- **EXERCISE INSTRUCTIONS**: Only the lines below from the one that contains "Tháng 11 năm" through the one that contains "닭 농장의 닭들이 앓고 있다는 말을 고양이가 들었습니다." should appear in your answer, exact and without pictures.

**** DATASET ****

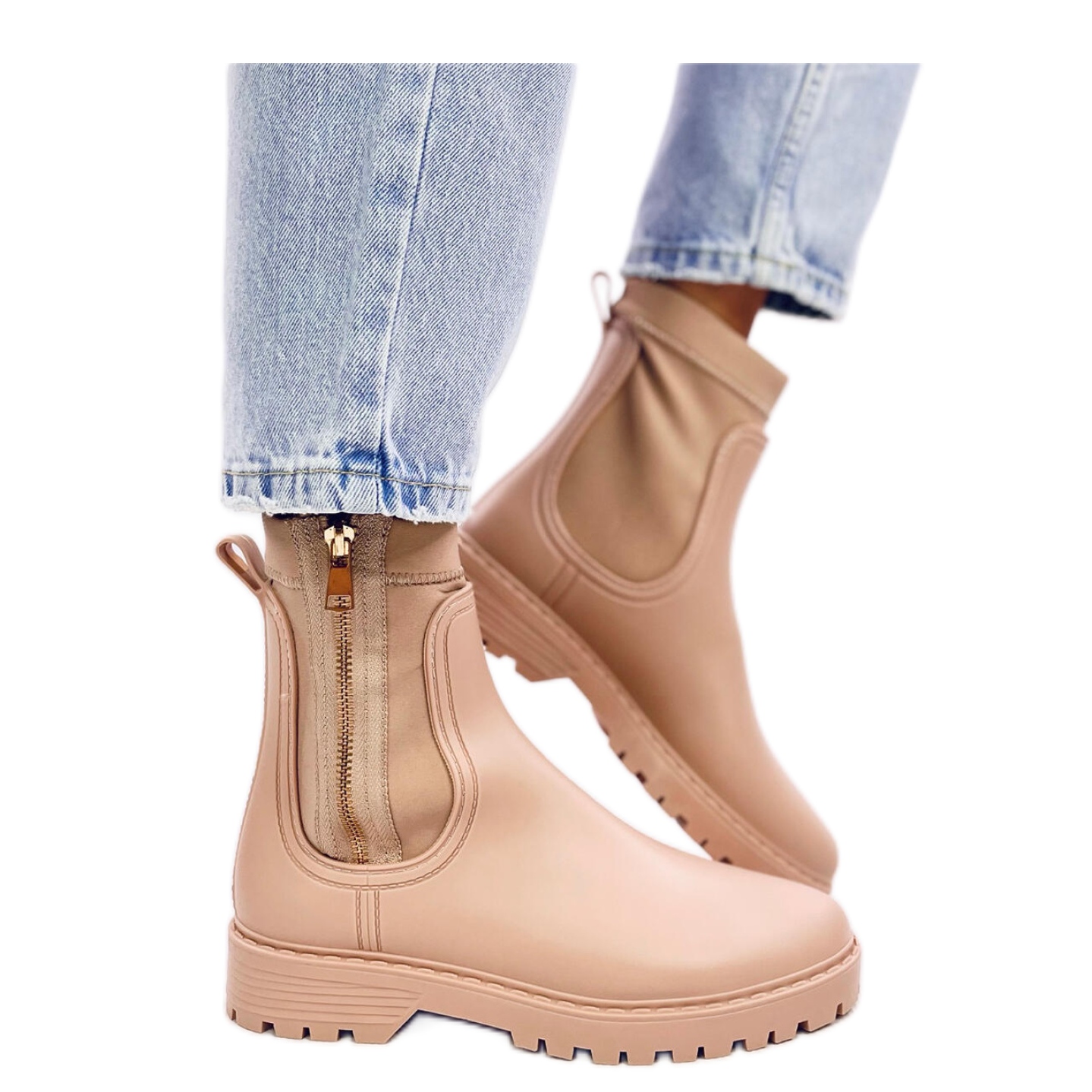Les bottes féminines, ci-dessous, les bottes beige Chelsea de la marque Inello sont la combinaison parfaite de fonctionnalités et de design élégant. Ces galoshes en caoutchouc, en matériaux de haute qualité, offrent un confort et une protection contre l'humidité les jours de pluie. Une coupe classique avec un curseur doré élégant placé sur le côté de la tige leur donne le style et la modernité.
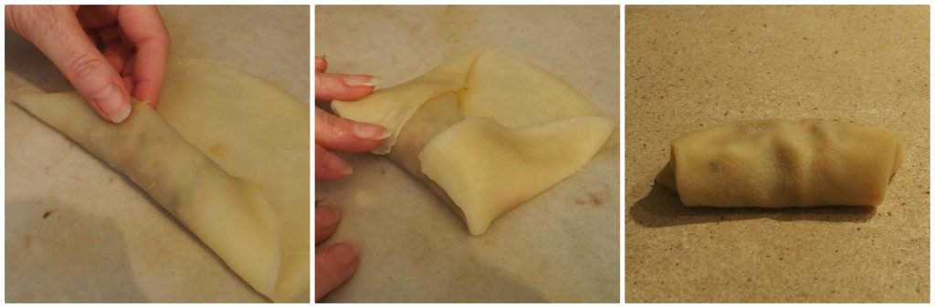Den unteren Teil rollen, um die Füllung zu verschließen, die beiden Seiten umklappen und etwas Paste darauf geben, die als Kleber dient.
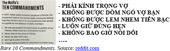 Tháng 11 năm 2007, cảnh sát Sicily tìm được (trong sào huyệt của ông trùm Salvatore Lo Piccolo) “Mười Điều Răn” (Ten Commandments) của đám Mafia địa phương. Đọc xong, quí bà và quí cô đều phải xuýt xoa và tấm tắc khen: Phải kính trọng vợ/ Không được dòm ngó vợ bạn/ Không được lem nhem về tiền bạc/ Luôn giữ đúng hẹn/ Không bao giờ nói dối …
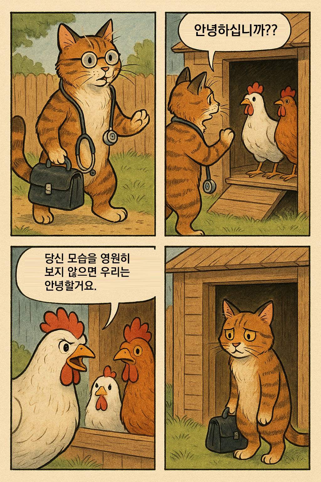 닭 농장의 닭들이 앓고 있다는 말을 고양이가 들었습니다.
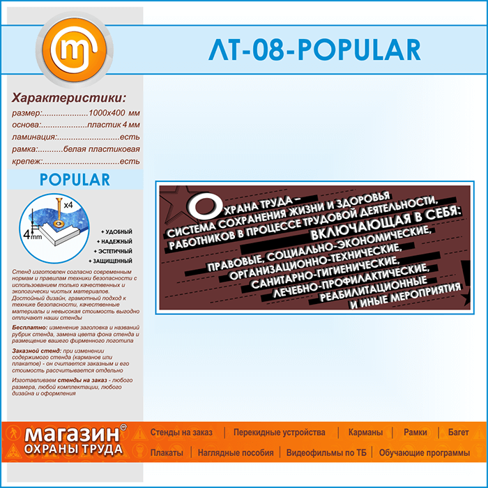 Превью - лишь типовой макет, отправная точка - пример того, как может выглядеть будущий стенд. По факту же практически каждый стенд делается индивидуальным. Мы можем оформить стенд в вашем корпоративном стиле (включая цвета, фоновое изображение, шрифты и логотип), изменить заголовок, добавить рубрики, разместить на нем рекламную информацию. Мы изготавливаем стенды на заказ любого размера и комплектации, c любым дизайном и оформлением.
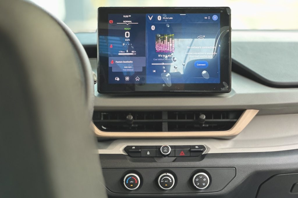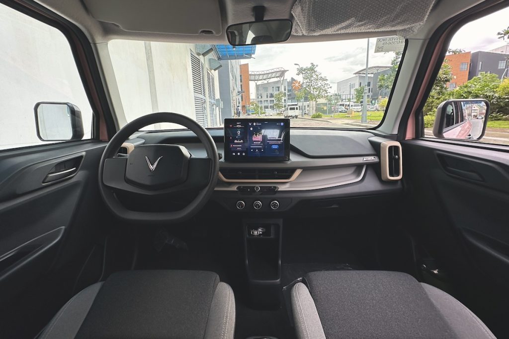 Up front, the cabin is surprisingly roomy. The VF 3 is designed to comfortably seat four, and with no bulky center console or excess controls cluttering things up, the driver and passenger enjoy plenty of space. At the center of the dash, there’s a 10-inch infotainment screen, which also houses most of the car’s controls. It’s pretty minimalistic, but that’s part of the appeal. You still get physical knobs for the air conditioning, which I personally love—it’s much easier and safer to use while driving.
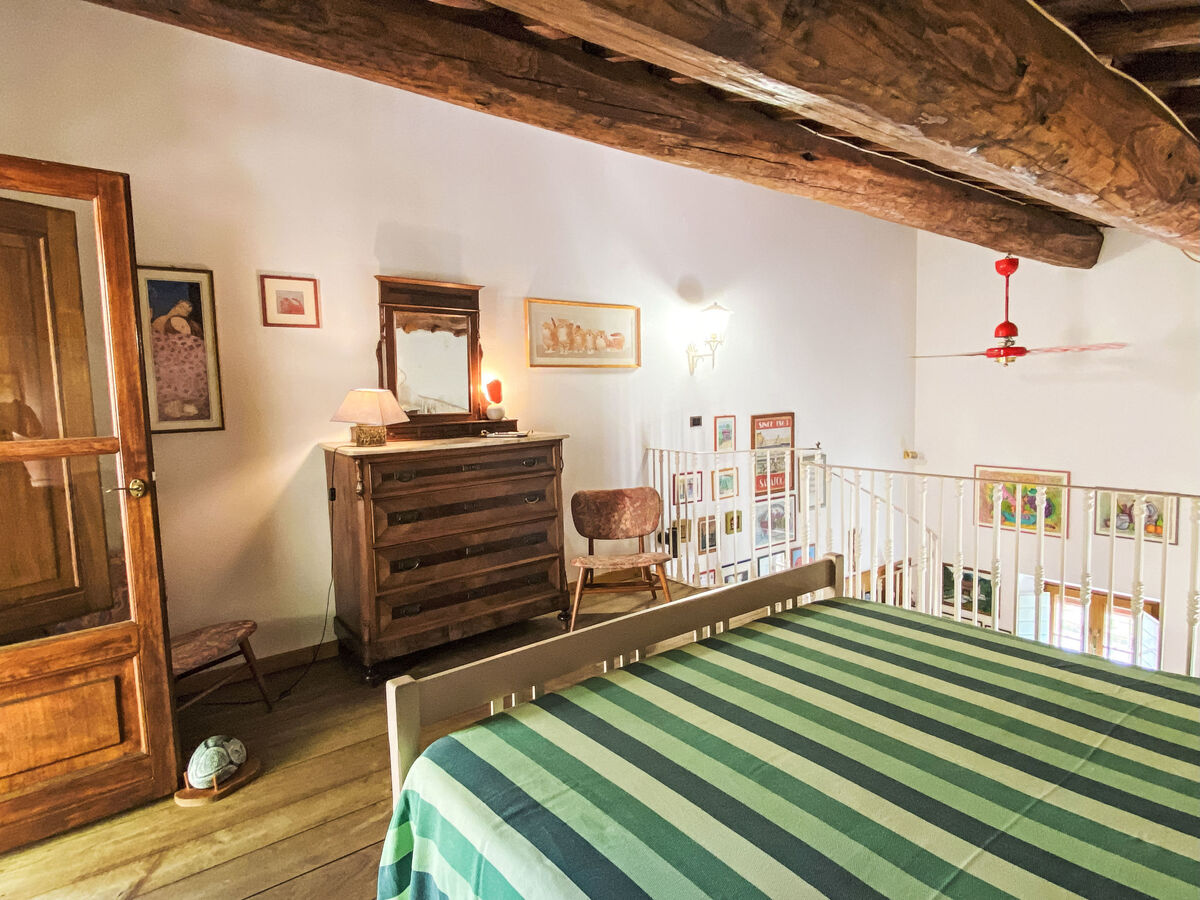 À l'étage supérieur: (escalier en colimaçon) galerie pergola mansardée avec 1 lit double.

****

- **SOLVED EXERCISE**:
 Tháng 11 năm 2007, cảnh sát Sicily tìm được (trong sào huyệt của ông trùm Salvatore Lo Piccolo) “Mười Điều Răn” (Ten Commandments) của đám Mafia địa phương. Đọc xong, quí bà và quí cô đều phải xuýt xoa và tấm tắc khen: Phải kính trọng vợ/ Không được dòm ngó vợ bạn/ Không được lem nhem về tiền bạc/ Luôn giữ đúng hẹn/ Không bao giờ nói dối …
 닭 농장의 닭들이 앓고 있다는 말을 고양이가 들었습니다.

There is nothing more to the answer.